WHAT IS EXPECTED => All of the listing is to be written out word for word, with the pictures left out.

STORED DATA =>
#####

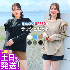 【半額クーポン対象】【人気インスタグラマーとコラボ!】ラッシュガード セットアイテム水着 フリル二の腕カバー メール便 紫外線対策 2025秋冬 【ase207-452】【即納:1-5営業日】【送料無料】メ込2
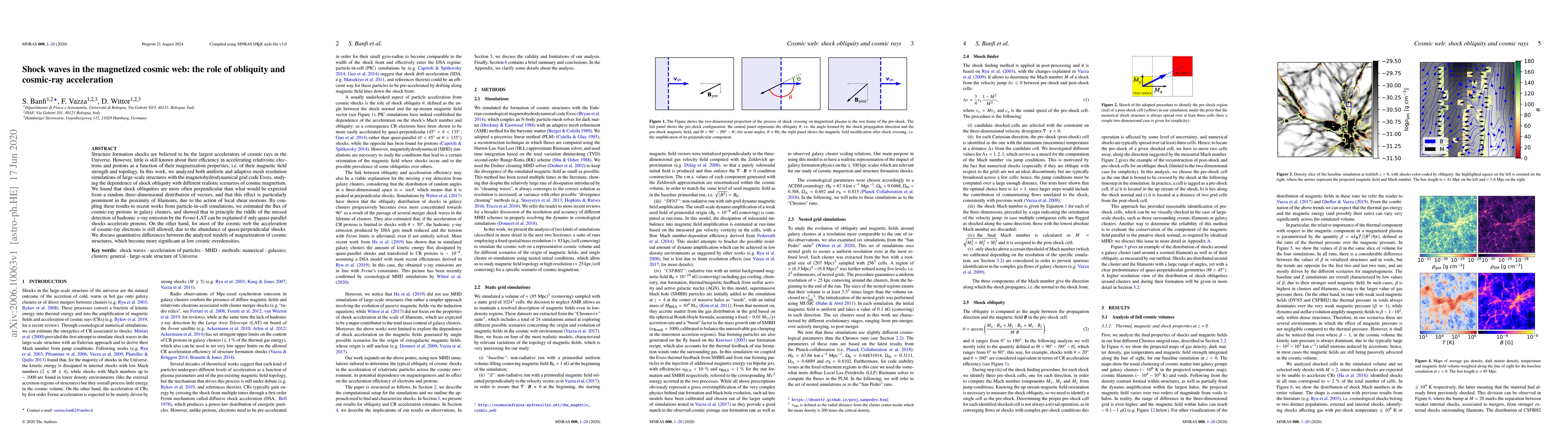 Structure formation shocks are believed to be the largest accelerators of cosmic rays in the Universe. However, little is still known about their efficiency in accelerating relativistic electrons and protons as a function of their magnetization properties, i.e. of their magnetic field strength and topology. In this work, we analyzed both uniform and adaptive mesh resolution simulations of large-scale structures with the magnetohydrodynamical grid code Enzo, studying the dependence of shock obliquity with different realistic scenarios of cosmic magnetism. We found that shock obliquities are more often perpendicular than what would be expected from a random three-dimensional distribution of vectors, and that this effect is particularly prominent in the proximity of filaments, due to the action of local shear motions. By coupling these results to recent works from particle-in-cell simulations, we estimated the flux of cosmic-ray protons in galaxy clusters, and showed that in principle the riddle of the missed detection of hadronic gamma-ray emission by the Fermi-LAT can be explained if only quasi-parallel shocks accelerate protons. On the other hand, for most of the cosmic web the acceleration of cosmic-ray electrons is still allowed, due to the abundance of quasi-perpendicular shocks. We discuss quantitative differences between the analyzed models of magnetization of cosmic structures, which become more significant at low cosmic overdensities.
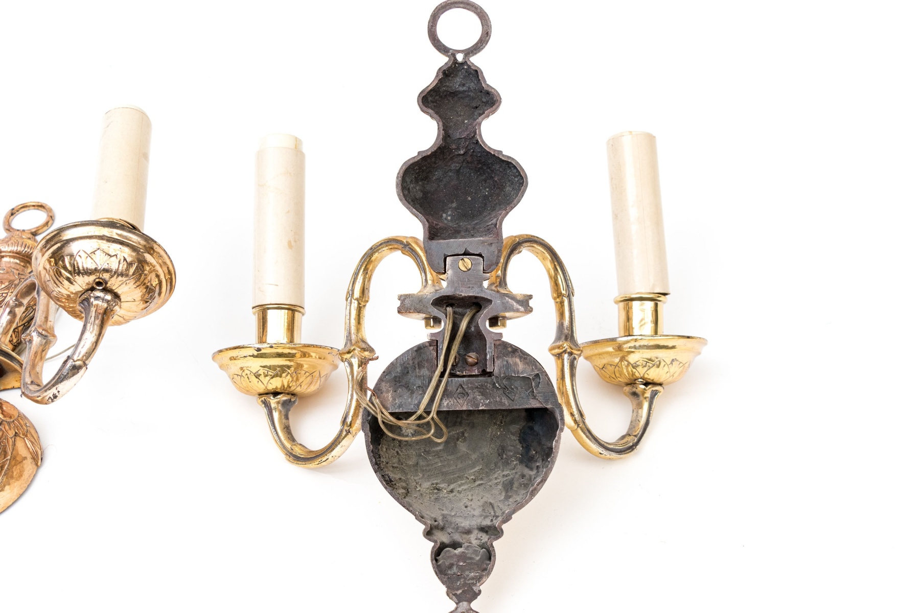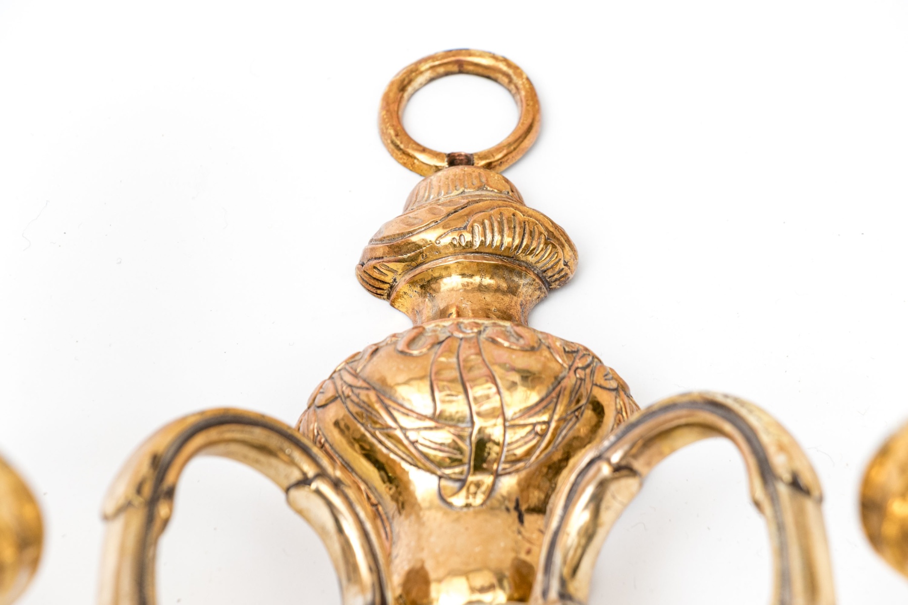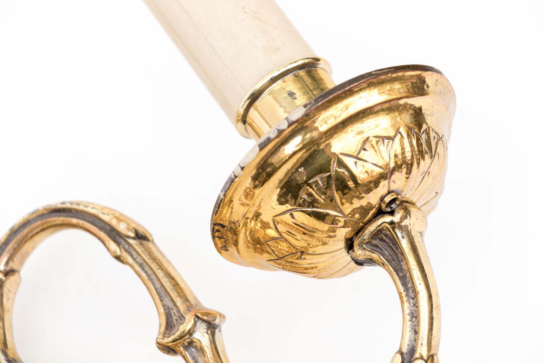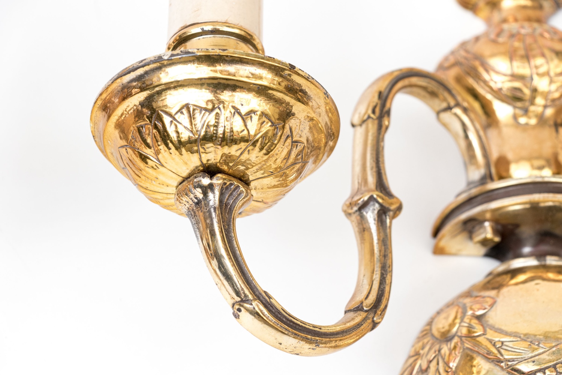 Each of ornate form with two scrolled arms and wax drip cups. Circular loop t finial and terminal.

#####

TASK OUTPUT =>
 【半額クーポン対象】【人気インスタグラマーとコラボ!】ラッシュガード セットアイテム水着 フリル二の腕カバー メール便 紫外線対策 2025秋冬 【ase207-452】【即納:1-5営業日】【送料無料】メ込2
 Structure formation shocks are believed to be the largest accelerators of cosmic rays in the Universe. However, little is still known about their efficiency in accelerating relativistic electrons and protons as a function of their magnetization properties, i.e. of their magnetic field strength and topology. In this work, we analyzed both uniform and adaptive mesh resolution simulations of large-scale structures with the magnetohydrodynamical grid code Enzo, studying the dependence of shock obliquity with different realistic scenarios of cosmic magnetism. We found that shock obliquities are more often perpendicular than what would be expected from a random three-dimensional distribution of vectors, and that this effect is particularly prominent in the proximity of filaments, due to the action of local shear motions. By coupling these results to recent works from particle-in-cell simulations, we estimated the flux of cosmic-ray protons in galaxy clusters, and showed that in principle the riddle of the missed detection of hadronic gamma-ray emission by the Fermi-LAT can be explained if only quasi-parallel shocks accelerate protons. On the other hand, for most of the cosmic web the acceleration of cosmic-ray electrons is still allowed, due to the abundance of quasi-perpendicular shocks. We discuss quantitative differences between the analyzed models of magnetization of cosmic structures, which become more significant at low cosmic overdensities.
 Each of ornate form with two scrolled arms and wax drip cups. Circular loop t finial and terminal.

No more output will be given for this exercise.